This series adds support for guests using the AMD vIOMMU to enable DMA
remapping for VFIO devices. In addition to the currently supported
passthrough (PT) mode, guest kernels are now able to to provide DMA
address translation and access permission checking to VFs attached to
paging domains, using the AMD v1 I/O page table format.
These changes provide the essential emulation required to boot and
support regular operation for a Linux guest enabling DMA remapping e.g.
via kernel parameters "iommu=nopt" or "iommu.passthrough=0".
A new amd-iommu device property "dma-remap" (default: off) is introduced
to control whether the feature is available. See below for a full
example of QEMU cmdline parameters used in testing.

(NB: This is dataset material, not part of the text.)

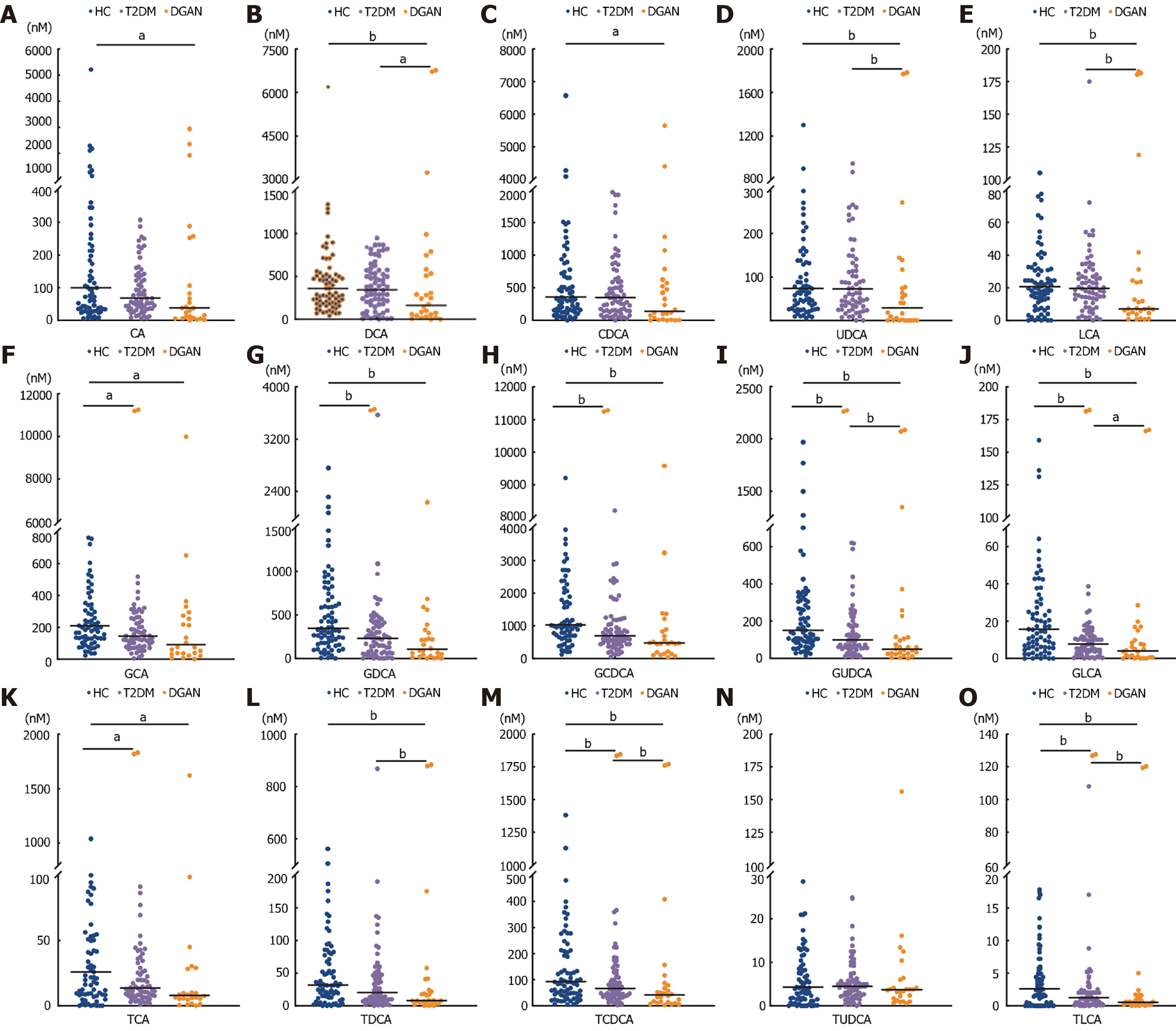 A: Cholic acid; B: Deoxycholic acid; C: Chenodeoxycholic acid; D: Ursodeoxycholic acid; E: Lithocholic acid; F: Glycocholic acid; G: Glycodeoxycholic acid; H: Glycochenodeoxycholic acid; I: Glycoursodeoxycholic acid; J: Glycolithocholic acid; K: Taurocholic acid; L: Taurodeoxycholic acid; M: Taurochenodeoxycholic acid; N: Tauroursodeoxycholic acid; O: Taurolithocholic acid. Data are presented as the median (interquartile range), and significant difference was assessed using Wilcoxon’s rank sum test. aP < 0.05; bP < 0.01. T2DM: Type 2 diabetes mellitus; HC: Healthy control; DGAN: Diabetic gastric autonomic neuropathy; CA: Cholic acid; DCA: Deoxycholic acid; CDCA: Chenodeoxycholic acid; UDCA: Ursodeoxycholic acid; LCA: Lithocholic acid; GCA: Glycocholic acid; GDCA: Glycodeoxycholic acid; GCDCA: Glycochenodeoxycholic acid; GUDCA: Glycoursodeoxycholic acid; GLCA: Glycolithocholic acid; TCA: Taurocholic acid; TDCA: Taurodeoxycholic acid; TCDCA: Taurochenodeoxycholic acid; TUDCA: Tauroursodeoxycholic acid; TLCA: Taurolithocholic acid.

The patchset has been tested on an AMD EPYC Genoa host, with Linux 6.14
host and guest kernels, launching guests with up to 256 vCPUs, 512G
memory, and 16 CX6 VFs. Testing with IOMMU x2apic support enabled (i.e.
xtsup=on) requires fix:
https://lore.kernel.org/all/20250410064447.29583-3-sarun...@amd.com/
Although there is more work to do, I am sending this series as a patch
and not an RFC since it provides a working implementation of the
feature. With this basic infrastructure in place it becomes easier to
add/verify enhancements and new functionality. Here are some items I am
working to address in follow up patches:
- Page Fault and error reporting
- Add QEMU tracing and tests
- Provide control over VA Size advertised to guests
- Support hotplug/unplug of devices and other advanced features
(suggestions welcomed)
Thank you,
Alejandro
---
Example QEMU command line:
$QEMU \
-nodefaults \
-snapshot \
-no-user-config \
-display none \
-serial mon:stdio -nographic \
-machine q35,accel=kvm,kernel_irqchip=split \
-cpu host,+topoext,+x2apic,-svm,-vmx,-kvm-msi-ext-dest-id \
-smp 32 \
-m 128G \
-kernel $KERNEL \
-initrd $INITRD \
-append "console=tty0 console=ttyS0 root=/dev/mapper/ol-root ro
rd.lvm.lv=ol/root rd.lvm.lv=ol/swap iommu.passthrough=0" \
-device amd-iommu,intremap=on,xtsup=on,dma-remap=on \
-blockdev node-
name=drive0,driver=qcow2,file.driver=file,file.filename=./OracleLinux-
uefi-x86_64.qcow2 \
-device virtio-blk-pci,drive=drive0,id=virtio-disk0 \
-drive if=pflash,format=raw,unit=0,file=/usr/share/edk2/ovmf/
OVMF_CODE.fd,readonly=on \
-drive if=pflash,format=raw,unit=1,file=./OVMF_VARS.fd \
-device vfio-pci,host=0000:a1:00.1,id=net0
---
Alejandro Jimenez (18):
memory: Adjust event ranges to fit within notifier boundaries
amd_iommu: Add helper function to extract the DTE
amd_iommu: Add support for IOMMU notifier
amd_iommu: Unmap all address spaces under the AMD IOMMU on reset
amd_iommu: Toggle memory regions based on address translation mode
amd_iommu: Set all address spaces to default translation mode on reset
amd_iommu: Return an error when unable to read PTE from guest memory
amd_iommu: Helper to decode size of page invalidation command
amd_iommu: Add helpers to walk AMD v1 Page Table format
amd_iommu: Add a page walker to sync shadow page tables on
invalidation
amd_iommu: Sync shadow page tables on page invalidation
amd_iommu: Add replay callback
amd_iommu: Invalidate address translations on INVALIDATE_IOMMU_ALL
amd_iommu: Toggle address translation on device table entry
invalidation
amd_iommu: Use iova_tree records to determine large page size on UNMAP
amd_iommu: Do not assume passthrough translation when DTE[TV]=0
amd_iommu: Refactor amdvi_page_walk() to use common code for page walk
amd_iommu: Do not emit I/O page fault events during replay()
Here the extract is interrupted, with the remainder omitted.